Church supports justice for migrants

The United Methodist Church is urging justice for migrants worldwide and reform of U.S. immigration laws.

Delegates to the denomination's top legislative body, meeting April 23-May 2, adopted resolutions covering both global migration and immigration issues in the United States.

U.S. immigration

The U.S. domestic resolution calls for "full protection of all workers, which includes the opportunity to gain legal status for all migrants." It also urges U.S. lawmakers to ensure that immigrant laws do not rip apart families.

"To refuse to welcome migrants to this country and to stand by in silence while families are separated, individual freedoms are ignored, and the migrant community in the United States is demonized by members of Congress and the media, is complicity to sin," it states

United Methodists rally for immigrants' rights during the 2008 United Methodist General Conference. A UMNS photo by John C. Goodwin.

General Conference also added a new section on "Rights of Immigrants" to the denomination's Social Principles. It states in part, "We affirm the right of all persons to equal opportunities for employment, access to housing, health care, education and freedom from social discrimination." The global economic system has led to migration and many challenges for migrants.

The resolution, "Welcoming the Migrant to the United States," was written to incorporate six other resolutions that currently appear in the church's Book of Resolutions. Amendments in legislative committee further incorporated proposed actions dealing with immigration.
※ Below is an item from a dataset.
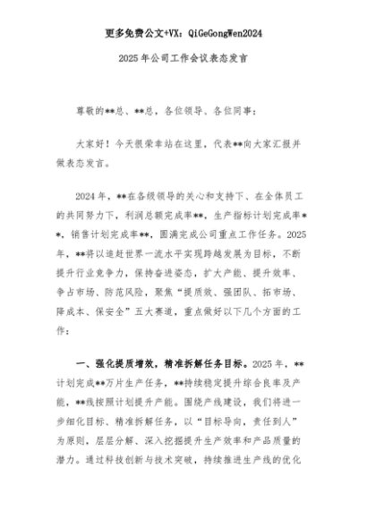 【七哥公文】2025年:2025年公司工作会议表态发言+更多免费公文+VX:QiGeGongWen2024+更多免费公文+VX:QiGeGongWen2024

A third resolution, proposed by Metodistas Associados Representando la Causa de Hispano-Americanos (MARCHA), addressed both U.S. immigration reform and the church's responsibility to ensure fair treatment to immigrants.

"The broken immigration system in the United States and the xenophobic responses to migrants reflect the former social order," according to "Welcoming the Migrant to the United States." It states: "The calling of the people of God is to advocate for the creation of a new immigration system that reflects Jesus' beloved community."

"We challenge and pray for comprehensive reform," said Bishop Joel Martinez of San Antonio, president of Global Ministries, who supported the resolutions. "This is no time to demean the immigrant." The bishop said he is confident that the church will "rally behind" the adopted resolutions.

Global migration

The "Global Migration and the Quest for Justice" resolution stresses both the economic needs that contribute to massive movements of people today and the difficulties encountered by migrants. It states, "While money and products easily flow across borders, the movement of people is increasingly restricted, leading to concentrations of the poor along borders and, often, to the building of literal and figurative walls of exclusion." 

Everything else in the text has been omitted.